▸ **Requirement**
Which lines run from the one containing "大家好,我是毛毛虫,十年书龄" through the end of the data? Write them out exactly, with the pictures left out.

▸ **Extracted material**
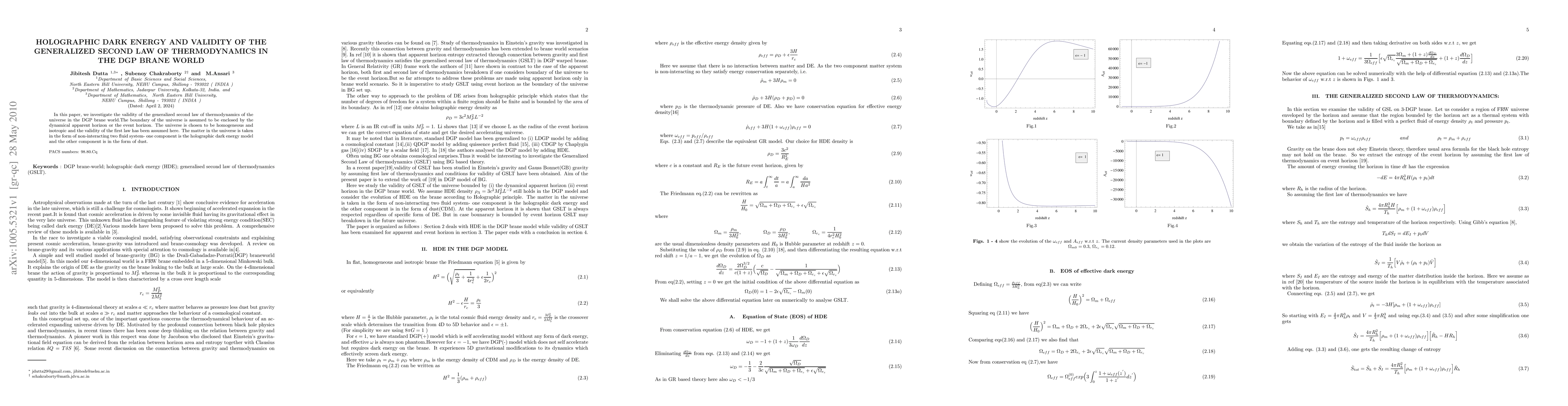 This paper explores the generalized second law of thermodynamics in the DGP brane world model, considering a universe with a dynamical apparent horizon boundary. It examines the interaction between holographic dark energy and dust matter in a homogeneous and isotropic universe.
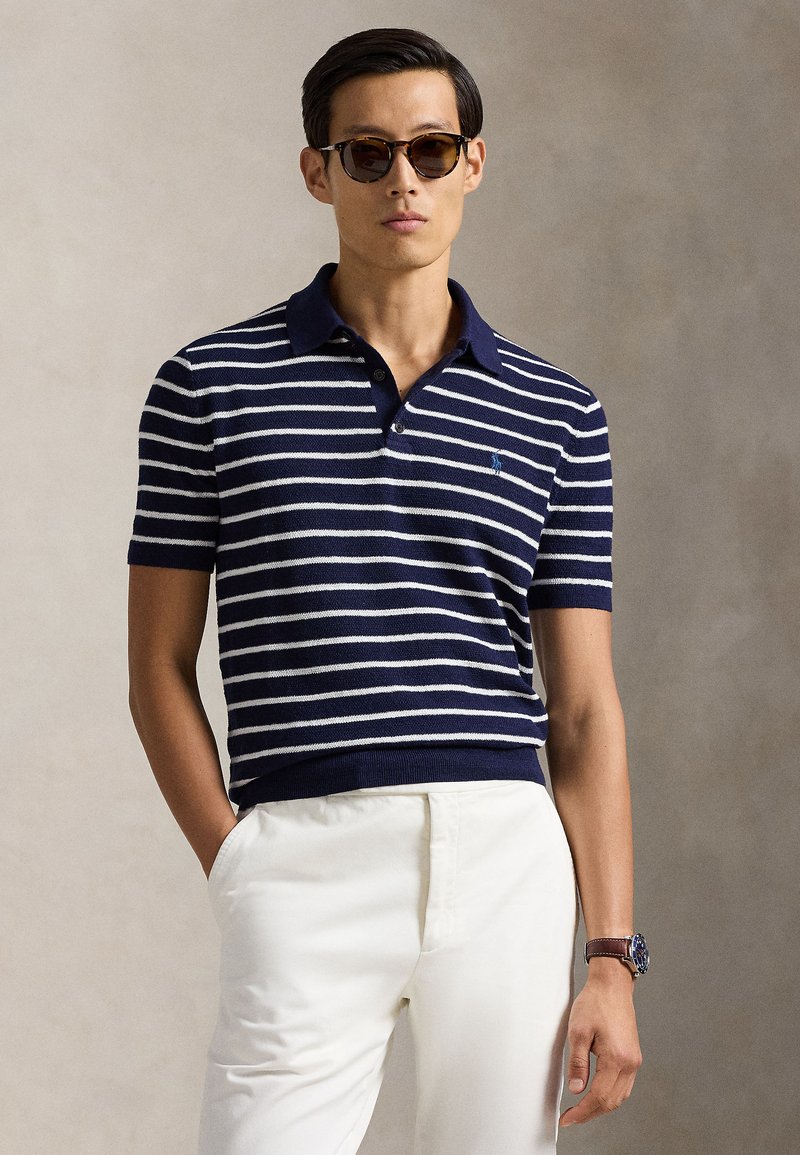 STRIPED COTTON-LINEN POLO-COLLAR SWEATER - Pólóing - bright navy combo
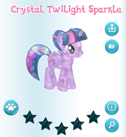 Crystal Twilight Sparkle is a Crystal pony variant of Twilight Sparkle added in Update 8.6. She can be obtained by completing the What's Hot Collection during the "Crystal Ghost Chaos!" event.
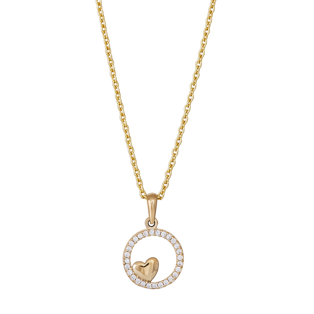 8kt. guldvedhæng hjerte i cirkel m/cz inkl. forg.
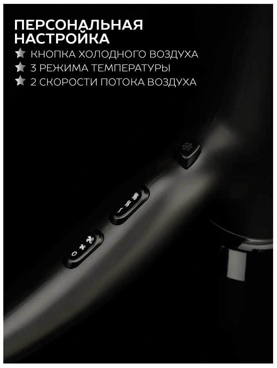 - Три режима нагрева (холодный, теплый, горячий) и две скорости воздушного потока обеспечивают гибкость в выборе оптимального режима.
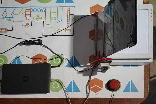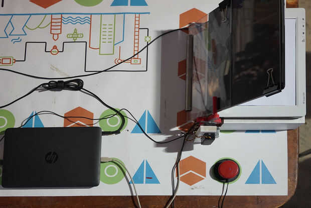Hemos querido que sea capaz de presionar un pedal que abre la tapa del escáner y luego presione otra vez para cerrar la tapa del escáner y funcionar automáticamente la exploración. En este centro trabajan generalmente en pares por lo que su pareja pondría las páginas cada vez.
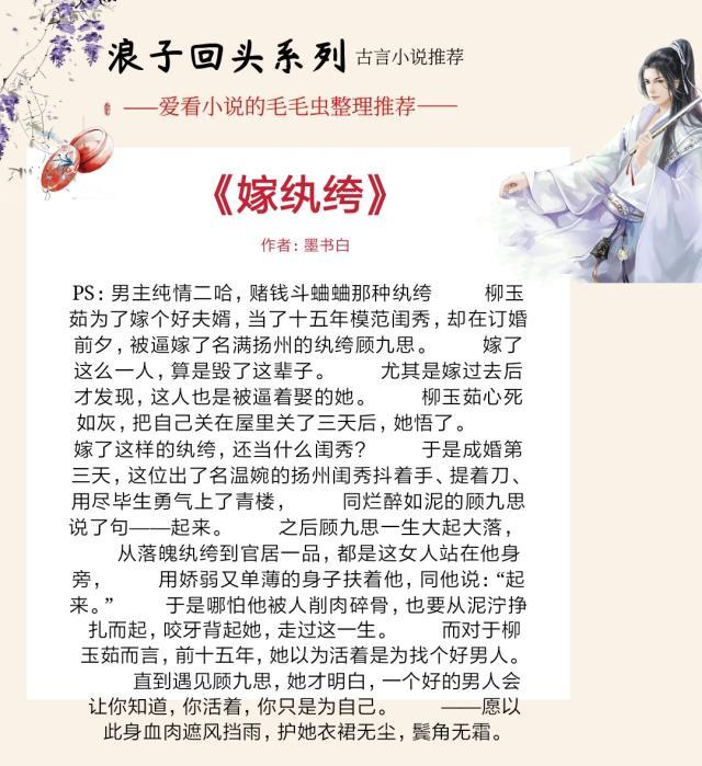大家好,我是毛毛虫,十年书龄小仙女,每天为大家推荐各种好看的言情小说。希望大家能够喜欢,喜欢的话可以分享给朋友,或者收藏起来。若大家有什么想看的书,可以在下方留言哦。本期整理的是4本浪子回头的古言,《嫁纨绔》惊艳来袭,宠坏纨绔变深情忠犬
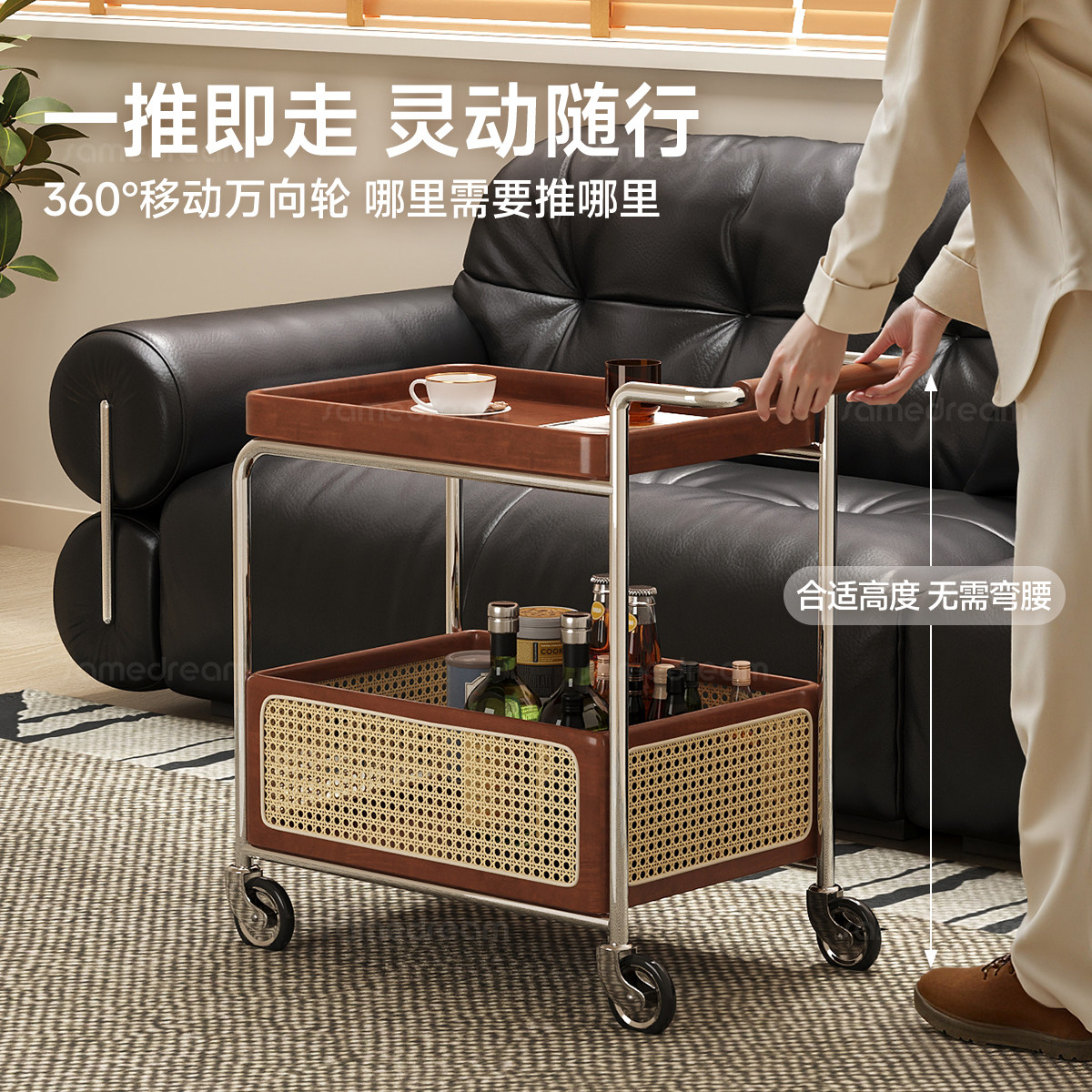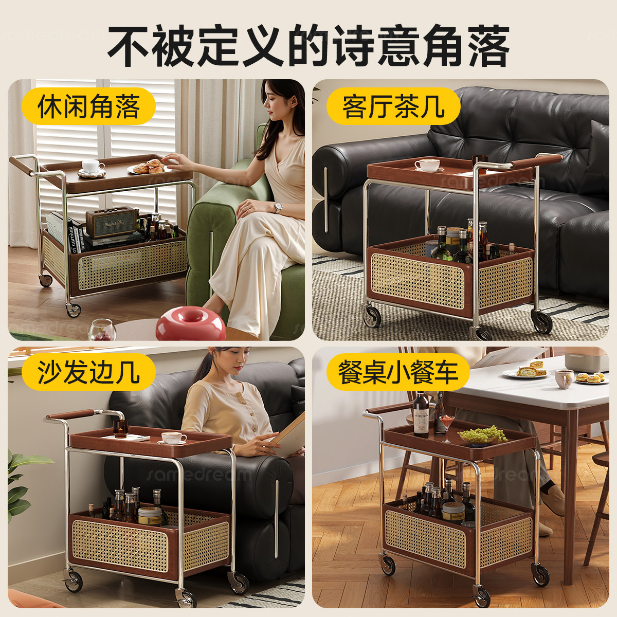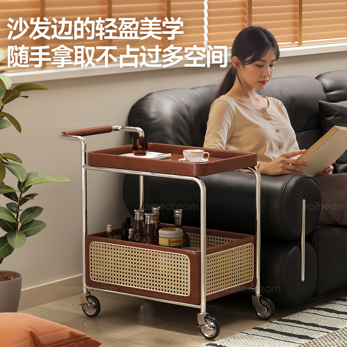 沙发边几可移动茶几客厅家用中古风小推车实木边柜桌子收纳置物架

▸ **Task result**
大家好,我是毛毛虫,十年书龄小仙女,每天为大家推荐各种好看的言情小说。希望大家能够喜欢,喜欢的话可以分享给朋友,或者收藏起来。若大家有什么想看的书,可以在下方留言哦。本期整理的是4本浪子回头的古言,《嫁纨绔》惊艳来袭,宠坏纨绔变深情忠犬
 沙发边几可移动茶几客厅家用中古风小推车实木边柜桌子收纳置物架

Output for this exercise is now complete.